United States District Court, D. Massachusetts

October 14, 2014

CAROLYN W. COLVIN, Acting Commissioner of Social Security, Defendant.


MARK G. MASTROIANNI, District Judge.

This is an action for judicial review of a final decision by the Commissioner of the Social Security Administration ("Commissioner")[1], denying Plaintiff's applications for disability insurance benefits and supplemental security income ("SSI") benefits. See 42 U.S.C. § 405(g); 42 U.S.C. § 1383(c)(3) (referencing 42 U.S.C. § 405(g)). The parties have filed cross-motions for judgment on the pleadings. At issue is whether the Administrative Law Judge ("ALJ") erred by failing to adopt the opinions of a treating source when reaching conclusions regarding the scope of Plaintiff's mental residual functional capacity ("RFC").

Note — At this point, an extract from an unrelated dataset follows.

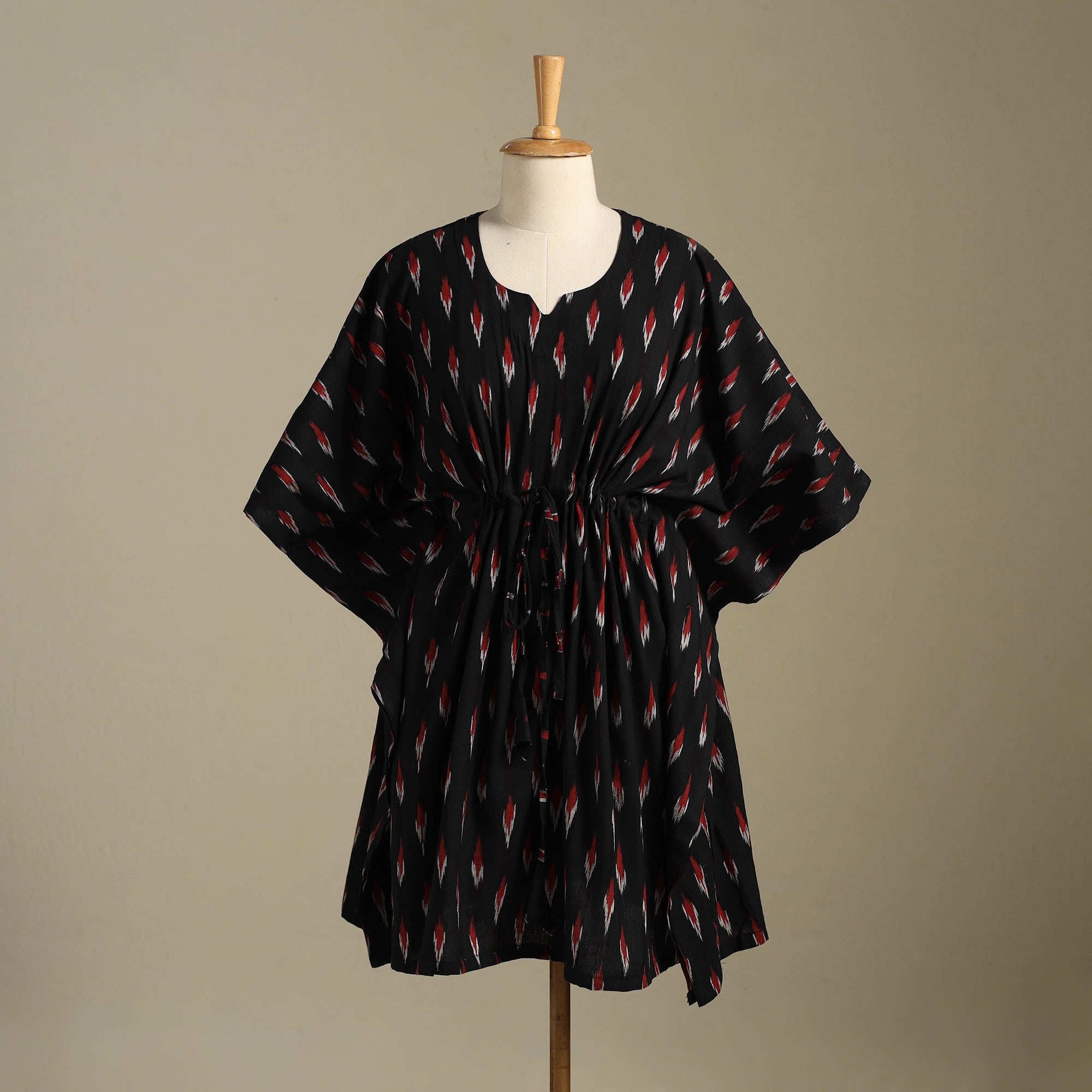 Black - Pochampally Ikat Weave Cotton Kaftan (Medium) 22

As discussed below, the ALJ properly exercised her discretion in determining what weight to give the opinion of staff at the agency where Plaintiff received bi-weekly therapy. The court will, therefore, deny Plaintiff's Motion for Judgment on the Pleadings, (Dkt. No. 17), and allow Defendant's Motion for Order Affirming the Decision of the Commissioner, (Dkt. No. 20).


The parties are familiar with the factual and procedural history of this case, so the court begins its discussion with the standard of review.

A. Standard of Review

The role of a district court reviewing an ALJ's decision is limited to determining whether the conclusion was supported by substantial evidence and based on the correct legal standard. See Seavey v. Barnhart , 276 F.3d 1, 9 (1st Cir. 2001). "The findings of the Commissioner of Social Security [and his designee, the ALJ] as to any fact, if supported by substantial evidence, shall be conclusive...." 42 U.S.C. 405(g). Substantial evidence means that "a reasonable mind, reviewing the evidence in the record as a whole, could accept it as adequate to support [the Commissioner's] conclusion." Rodriguez v. Sec'y of Health and Human Servs. , 647 F.2d 218, 222 (1st Cir. 1981). The Commissioner can only find a claimant is impaired if there is evidence before the Commissioner from an acceptable medical source establishing the existence of a medically determinable impairment. See 20 C.F.R. §§ 404.1508, 404.1513. Additionally, it is the Commissioner's responsibility to weigh conflicting evidence and decide issues of credibility. Rodriguez , 647 F.2d at 222.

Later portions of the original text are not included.